- EXERCISE DETAILS
Please write out all the data that follows exactly, without the pictures.

======== INPUT DATA

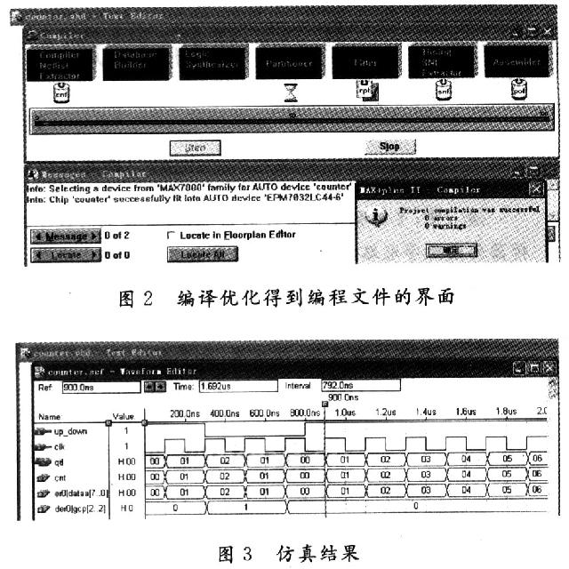 設(shè)計(jì)輸入完后,用Max+plusⅡ的編譯器編譯、查錯(cuò)、修改直到設(shè)計(jì)輸入正確,同時(shí)將對(duì)輸入文件進(jìn)行邏輯簡(jiǎn)化、優(yōu)化,最后生成一個(gè)編程文件,這是設(shè)計(jì)的核心環(huán)節(jié)。
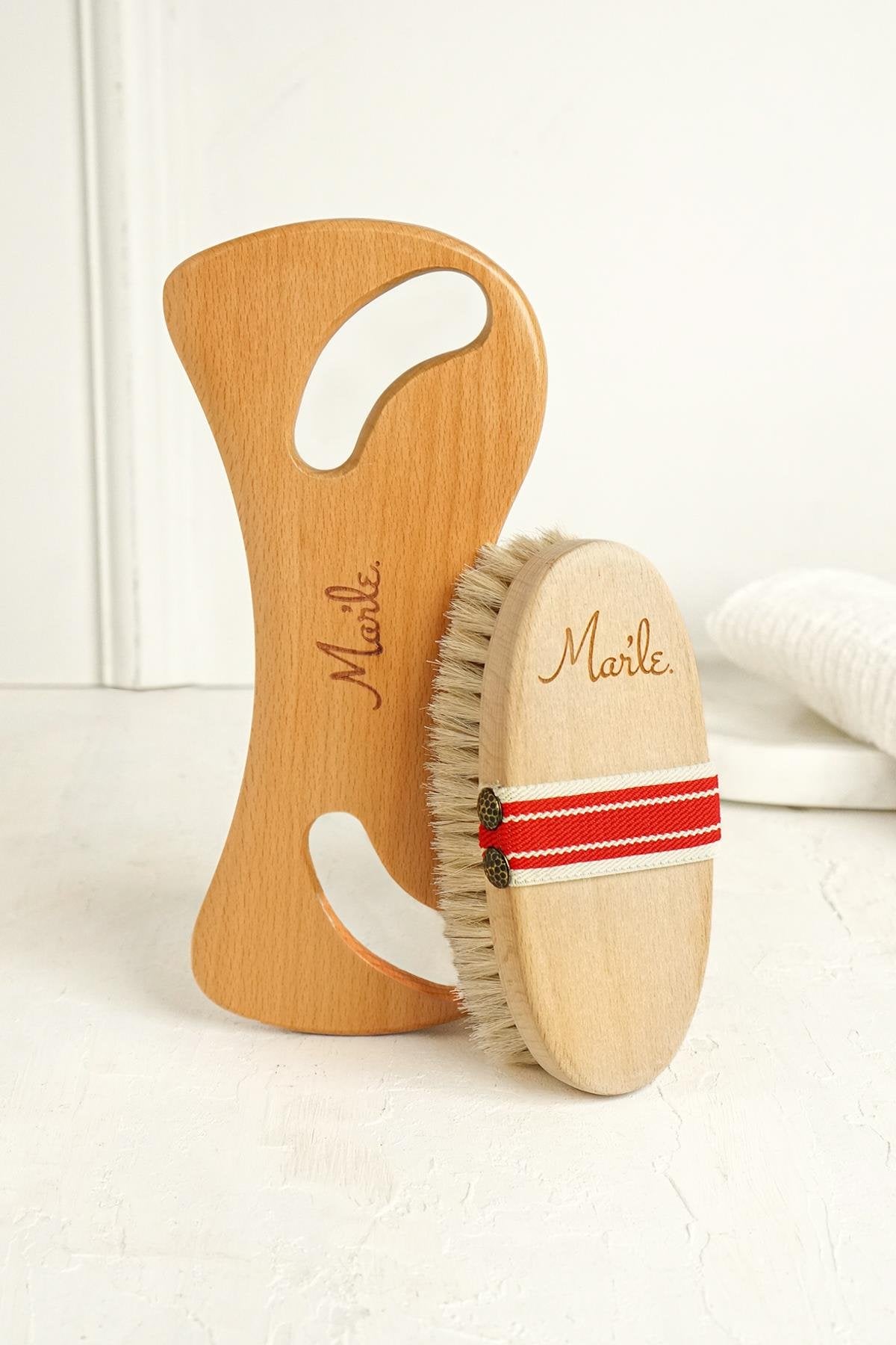 Mar’le %100 Doğal At Kılı Fırçası ve Mar’le Ahşap Selülit Masaj Aleti
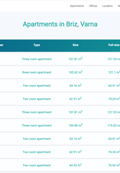 Бяха направени отделни страници с активни разпределения и таблици с информация за имотите в продажба, както и за локацията, използваните материали и препратка към корпоративния уеб сайт на инвеститора.

================

- EXERCISE ANSWER
 設(shè)計(jì)輸入完后,用Max+plusⅡ的編譯器編譯、查錯(cuò)、修改直到設(shè)計(jì)輸入正確,同時(shí)將對(duì)輸入文件進(jìn)行邏輯簡(jiǎn)化、優(yōu)化,最后生成一個(gè)編程文件,這是設(shè)計(jì)的核心環(huán)節(jié)。
 Mar’le %100 Doğal At Kılı Fırçası ve Mar’le Ahşap Selülit Masaj Aleti
 Бяха направени отделни страници с активни разпределения и таблици с информация за имотите в продажба, както и за локацията, използваните материали и препратка към корпоративния уеб сайт на инвеститора.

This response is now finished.